Eaton’s botanical investigations continued under the microscope with his observations of the algae and unicellular phytoplankton responsible for red and brown snow. “I procured some pieces of decayed ice discoloured by diatoms: these plants grew on the surface of the ice-crystals in the interstices of the honeycombed part, and there formed a coloured layer between the newer snow and the hard ice from four inches to two feet in depth” (Eaton 1873: 3763). Red colouration in snow is due to the photoprotective carotenoid pigment astaxanthin found in various green algae, whereas snow of a light brownish colour comes from the diatom photopigment fucoxanthin.
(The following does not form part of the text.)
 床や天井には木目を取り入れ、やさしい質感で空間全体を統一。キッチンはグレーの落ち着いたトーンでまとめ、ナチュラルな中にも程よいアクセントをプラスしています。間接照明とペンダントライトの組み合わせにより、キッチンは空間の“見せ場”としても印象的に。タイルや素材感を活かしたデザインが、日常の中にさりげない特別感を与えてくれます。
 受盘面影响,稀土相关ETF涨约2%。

The Svalbard diatoms were later studied in Dublin by the minister–naturalist Eugene O’Meara (1815–1880), who wrote that of the 181 species previously known to the Arctic, Eaton had single-handedly collected “no less than 92” (O’Meara 1874: 254). In honour of the expedition’s naturalist and leader, two new species would be named Amphora eatonia and A. leighsmithiana.
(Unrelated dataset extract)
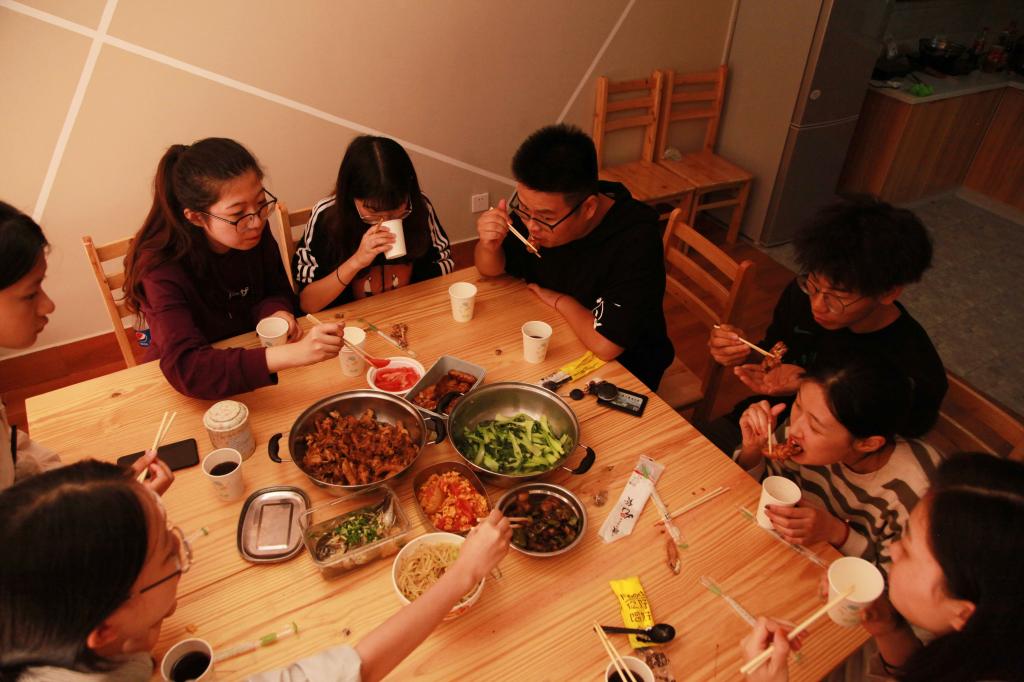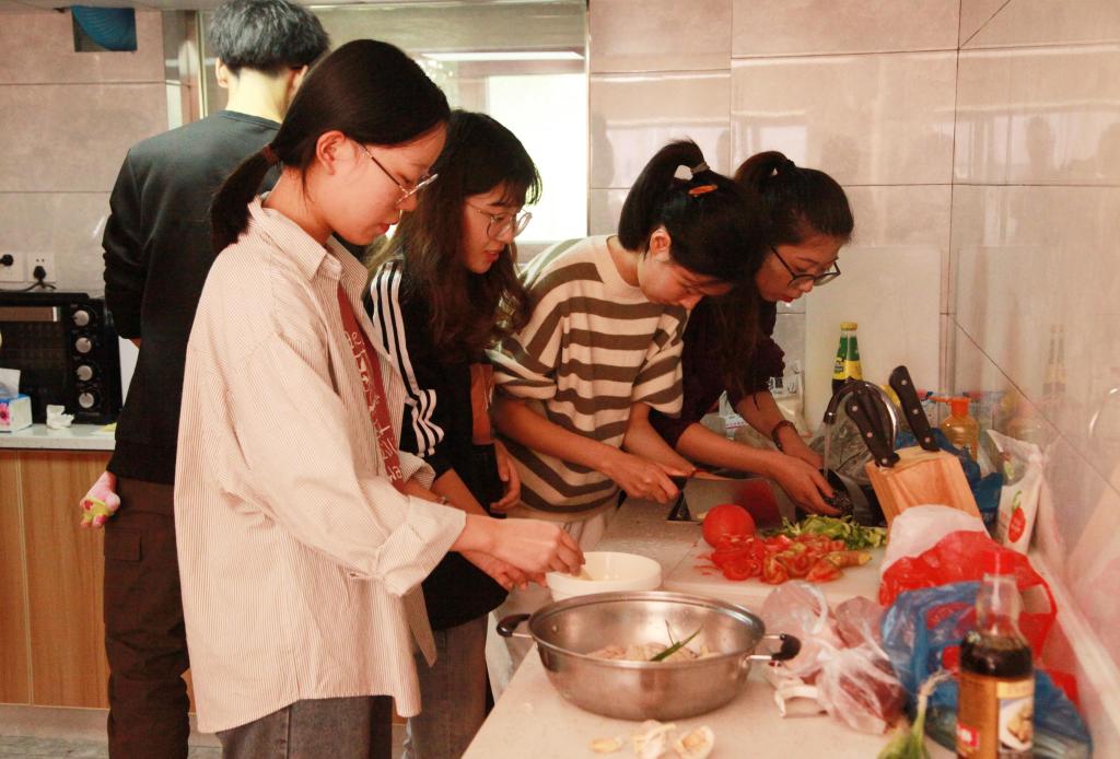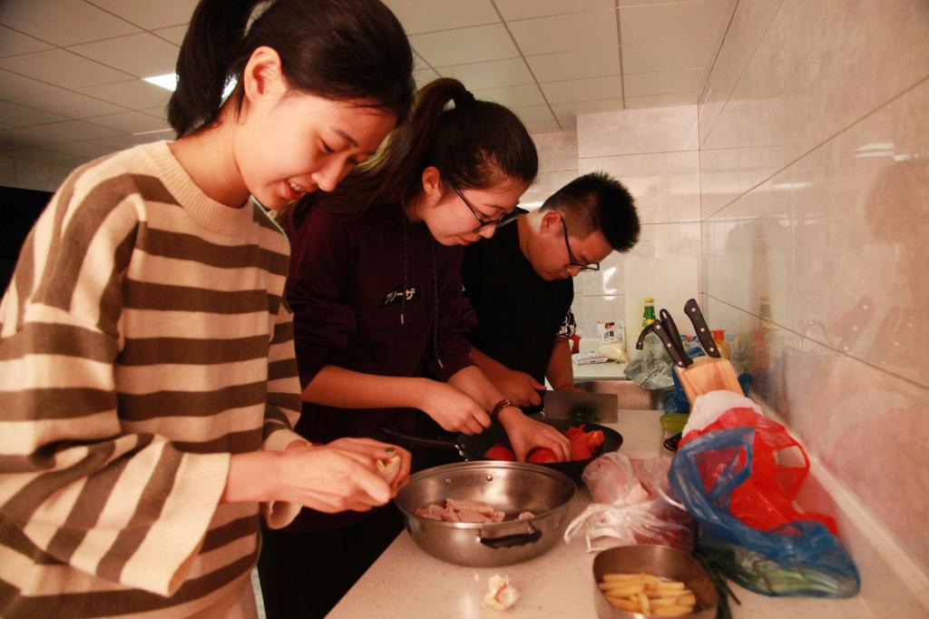 “在这里做饭想吃什么就可以做什么,而且各种厨具齐全,最关键的是,这里做菜做饭主要采用电器,也比较安全。”正在享受美食的学生们表示,厨房就在公寓楼下,比较方便,大家在这里“搭伙”做饭,不仅可以自己动手体验着劳动的快乐、体会父母和食堂厨师的不易,大家聚在一起做菜也感觉很温馨,有助于增强相互间的沟通交流和凝聚力。

Upon Diana’s return to home waters, Eaton’s botanical collection was dispersed to experts across the British Isles. The phanerogams and higher cryptogams were sent south to Spencer Le Marchant Moore (1850–1931) at the Royal Botanic Gardens Kew, whilst the algal samples were sent north to George Dickie (1812–1882) at Aberdeen University. Eaton’s botanical work from the Svalbard expedition culminated in his own publication, A list of plants collected in Spitzbergen in the summer of 1873, with their locations (Eaton 1876a).

Biota from the deep

By the summer of 1873, when Eaton was untangling invertebrates and seaweeds from nets on Diana’s deck, dredging was a labourious yet proven means to obtain marine specimens. The 1830s and ‘40s dredging operations in the Aegean by Edward Forbes (1815–1854) had led to his publications on deep-water molluscs, echinoderms and cnidarians. Forbes’s Azoic Hypothesis, stating that the ocean was devoid of life below 300 fathoms, or ca. 550 m (Forbes 1844), had been debated by the scientific community and then disproved by the Norwegian fisheries superintendent Georg Ossian Sars (1837–1927) and his zoologist father Michael Sars (1805–1869; Rozwadowski 2005). Eaton’s understanding that life inhabited all oceanic zones prompted his recording of the fathoms in which the marine specimens were collected. Additionally, he had been advised and supplied with equipment by the famed malacologist J. Gwyn Jeffreys (1809–1885), who had collected deep-sea specimens throughout the Shetlands and Hebrides (Anonymous 1885). Chermside described the challenges of obtaining live, intact specimens: by the time, a marine organism was “with infinite difficulty hauled to the surface, he resembles a bag of ballast, and the aforesaid rarity’s most intimate friends would have the greatest difficulty in recognising him. In other words, the bag gets full of stones, and all the animals are pounded to fragments or reduced to become amateur jellyfish” (Chermside, in Capelotti 2021: 172). Still, from their back-breaking efforts came hard-won successes. The mollusc collection (pteropods, gastropods, conchifera and brachiopods) was sent back to Jeffreys, who found that two gastropods, an Eolis from Fairhaven and a Natica from Lomfjord, had ambiguous species designations, as indicated by his question marks and, therefore, may have been new species (Jeffreys 1876).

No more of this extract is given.